WHAT TO DO –
All of the listing should be output exactly, apart from the pictures.

::: GIVEN MATERIAL :::

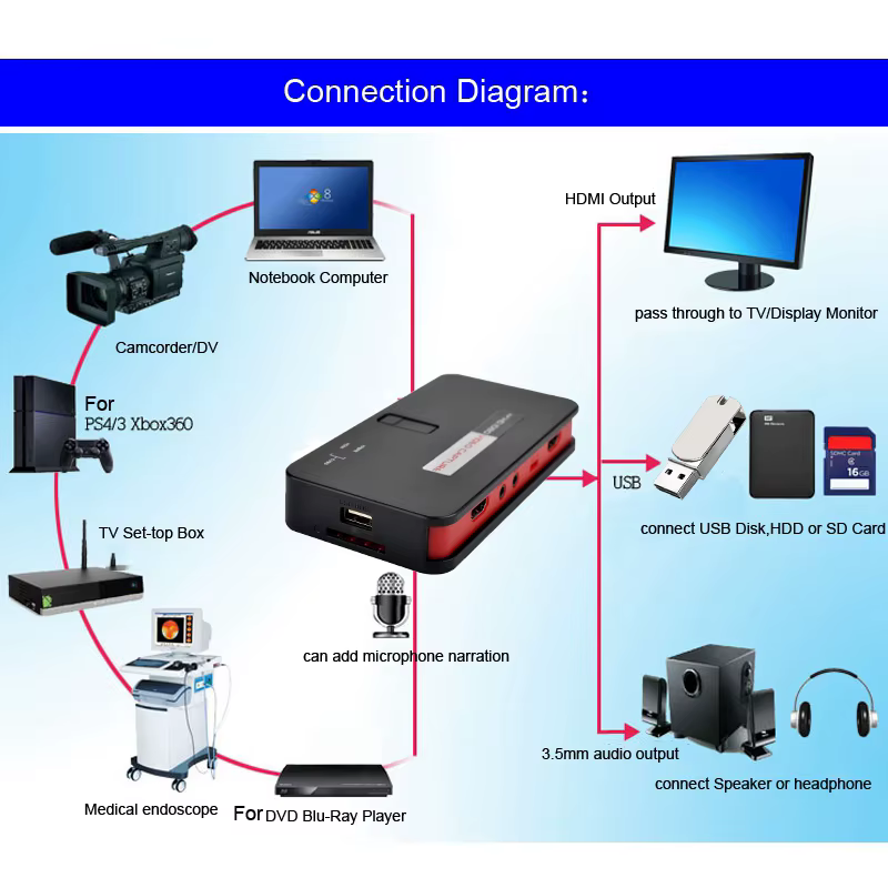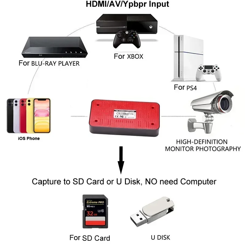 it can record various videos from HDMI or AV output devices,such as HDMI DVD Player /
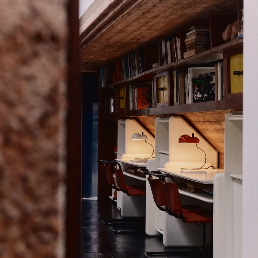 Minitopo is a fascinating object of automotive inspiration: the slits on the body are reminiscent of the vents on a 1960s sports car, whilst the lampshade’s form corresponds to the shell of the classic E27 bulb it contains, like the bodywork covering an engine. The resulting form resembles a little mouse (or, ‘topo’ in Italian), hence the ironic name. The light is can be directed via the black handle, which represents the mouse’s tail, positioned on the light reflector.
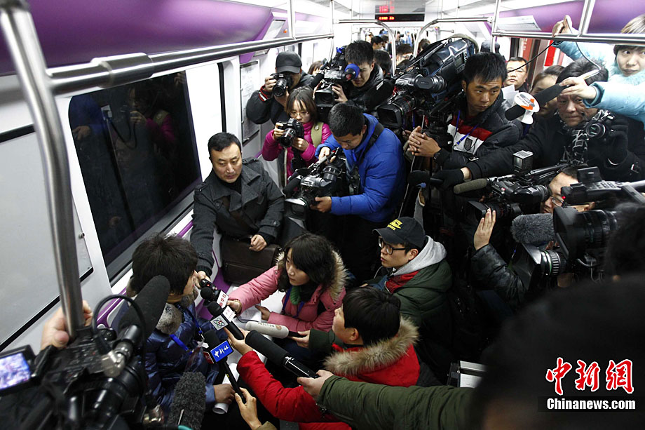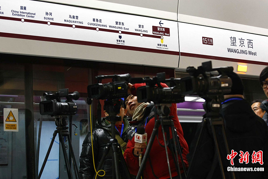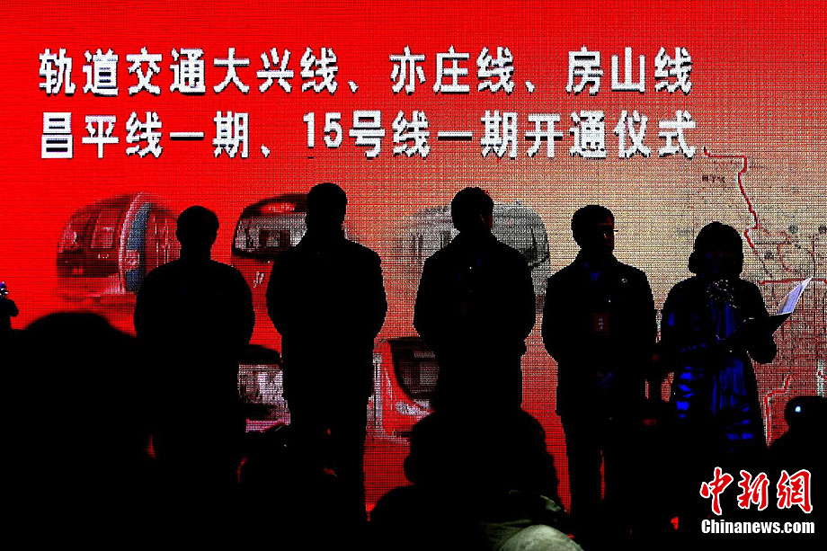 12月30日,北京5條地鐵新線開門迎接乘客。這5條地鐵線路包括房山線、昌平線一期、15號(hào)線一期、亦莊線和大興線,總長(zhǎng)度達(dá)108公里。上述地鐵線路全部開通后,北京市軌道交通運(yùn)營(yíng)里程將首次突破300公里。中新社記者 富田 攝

:::

YOUR SOLUTION –
 it can record various videos from HDMI or AV output devices,such as HDMI DVD Player /
 Minitopo is a fascinating object of automotive inspiration: the slits on the body are reminiscent of the vents on a 1960s sports car, whilst the lampshade’s form corresponds to the shell of the classic E27 bulb it contains, like the bodywork covering an engine. The resulting form resembles a little mouse (or, ‘topo’ in Italian), hence the ironic name. The light is can be directed via the black handle, which represents the mouse’s tail, positioned on the light reflector.
 12月30日,北京5條地鐵新線開門迎接乘客。這5條地鐵線路包括房山線、昌平線一期、15號(hào)線一期、亦莊線和大興線,總長(zhǎng)度達(dá)108公里。上述地鐵線路全部開通后,北京市軌道交通運(yùn)營(yíng)里程將首次突破300公里。中新社記者 富田 攝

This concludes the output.